Git SSH over port 443

Certain networks may block traffic on port 22, which causes failure for Git operations like:

ssh: connect to host github.com port 22: Connection timed out fatal: Could not read from remote repository.

The solution for this is to at least temporarily configure SSH to use port 443, which is typically open for HTTPS traffic.
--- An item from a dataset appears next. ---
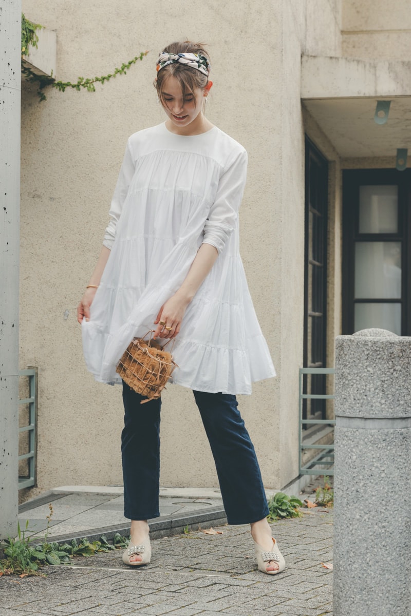 チュニック¥61,600〈マーレット〉パンツ[日本別注]¥36,300〈マザー〉(ともにサザビーリーグ)バッグ¥74,800(ザンケッティ/マルティニーク ルミネ横浜)靴¥39,600(PIPPICHIC)スカーフ¥15,400(マニプリ)ピアス¥11,600(ジェンマ アルス/GEMMA ALUS)バングル¥14,520(チビ・ジュエルズ/チビ・ジュエルズ・ジャパン)リング2本セット¥21,230(ソコ/ZUTTOHOLIC)

This can be persistently done by editing the user SSH config file usually located at “/.ssh/config”, here for GitHub, where “/.ssh/github” comes from GitHub SSH key setup.

Likewise for

Host github.com
  User git
  IdentityFile ~/.ssh/github
  Hostname ssh.github.com
  Port 443

Host gitlab.com
  User git
  IdentityFile ~/.ssh/gitlab
  Hostname altssh.gitlab.com
  Port 443

Host bitbucket.org
  User git
  IdentityFile ~/.ssh/atlassian
  Hostname altssh.bitbucket.org
  Port 443

An alternative is to specify the port directly in the Git remote URL like:

git push ssh://user@host:PORT/path/to/repo.git main

For even more extreme cases such as were HTTP Agent blocking is suspected, try environment variable GIT_HTTP_USER_AGENT to mimic a web browser user agent string, for example:

export GIT_HTTP_USER_AGENT="Mozilla/5.0"

# try git commands again

Or specify environment variable GIT_SSH_COMMAND.